By Harold Blodgett. Cornell Studies in English. Cornell University Press, Ithaca, New York.
It is, of course, no news to Americans that we took Walt Whitman largely on the rebound from England. Yet to believe that Whitman basked in the warm-hearted and eager approval of the great English reading public at a time when the masses of his fellow countrymen at home were still in ignorance of his very name is to misunderstand the way in which great reading publics respond to fresh and original genius. As Mr. Blodgett points out at the conclusion of his excellent study, "so far as the sentiment of the great reading public was concerned, Whitman during his lifetime did not make marked progress in either country."
What England did do for Whitman during his lifetime was to give him more space in the reviews than he got at home (there was none of that half ludicrous, half pathetic writing of his own notices) and more competent criticism (by no means all blindly favorable) from better critics. The Whitman that the England of his time was particularly ripe for was Whitman the moralist and prophet. And it was as moralist and prophet rather than as artist that England was inclined to accept him. England gave him, above all else, the respectful attention, amounting in certain familiar cases to the enthusiastic discipleship, of a number of unusual men, some of whom were already enrolled among the immortals.

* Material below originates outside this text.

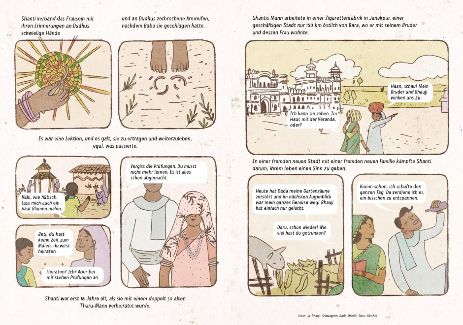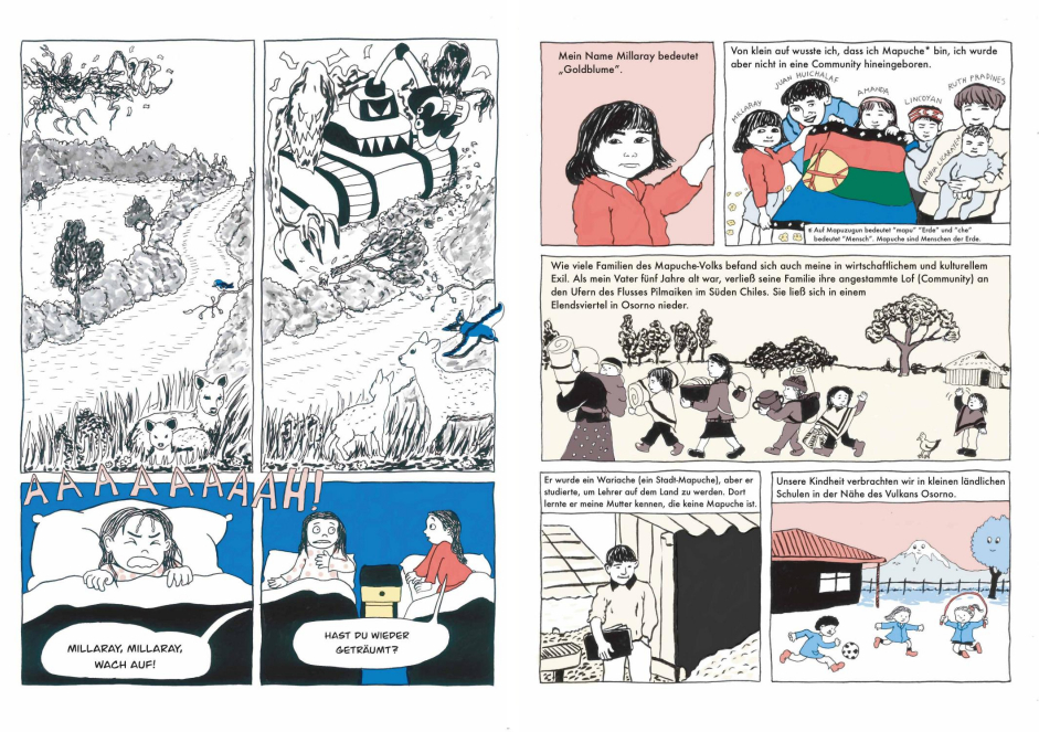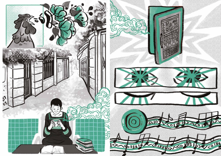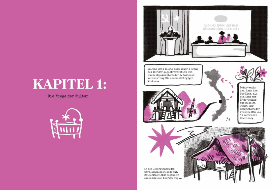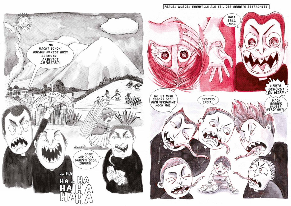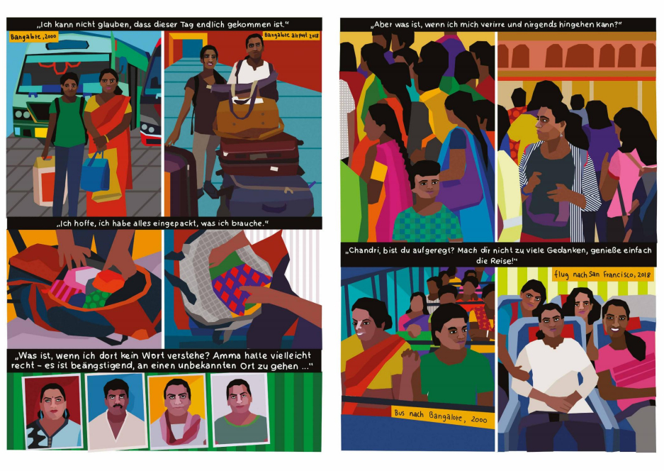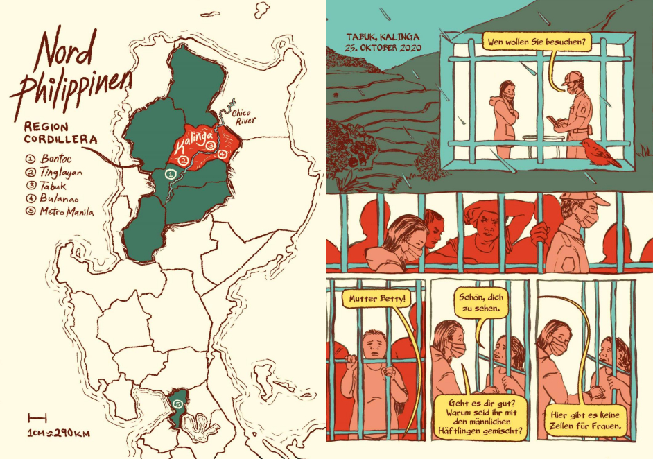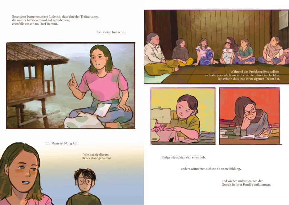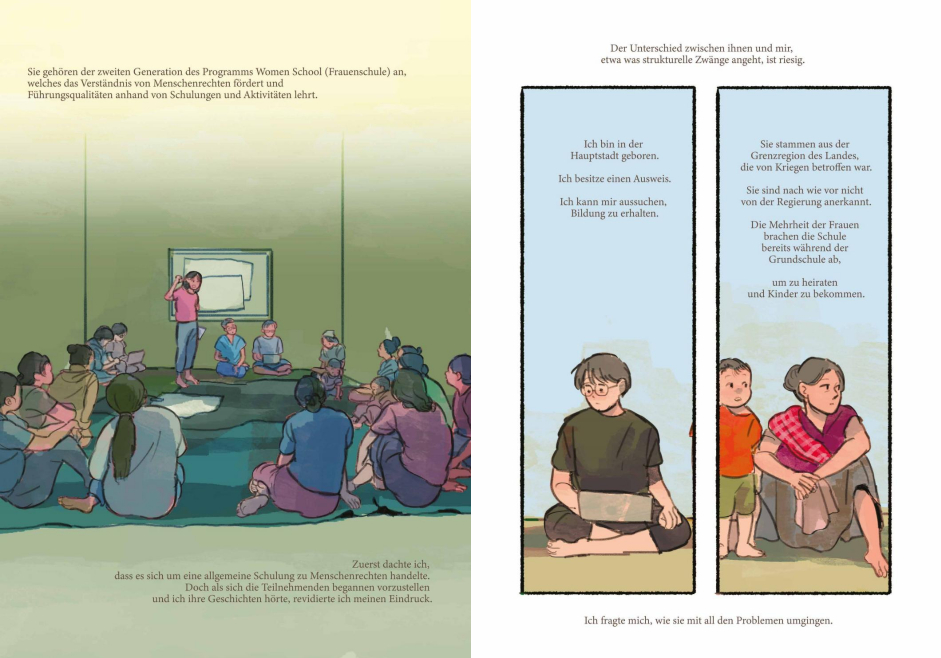 Die Künstler*innen, die großteils in Teams und unter der fachkundigen Anleitung ihrer Mentorinnen Nacha Vollenweider und Amruta Patil gearbeitet haben, stellen dabei so diverse Bewegungen vor wie die der anarchistischen Chola-Gewerkschafterinnen im Peru der 1920er, den brasilianischen Kampf für die Rechte indigener LGBTQIA+-Personen von den Anfängen der Kolonialisierung bis heute oder die Pflege bedrohter musikalischer Traditionen im vietnamesischen Hochland.

Mr. Blodgett has made a careful study of the different responses made to Whitman by the more significant of these Englishmen. Dealing primarily with a variety of figures and a mass of opinion, opinion that in some cases changed overnight, Mr. Blodgett has risen above his material to a rather unusual degree. He has contrived to give a good deal of the flow of the social and intellectual currents of the time and he conveys a striking impression of the multitudinous comings and goings, of letters, visitors, and messages, affecting the house in Camden. There are particularly good chapters on John Addington Symonds, Robert Buchanan, and the ebullient Anne Gilchrist. Mr. Blodgett has a taste for personality which one wishes the nature of his work had given him more scope for. Walt Whitman in England is a distinct and valuable addition to the works about Whitman.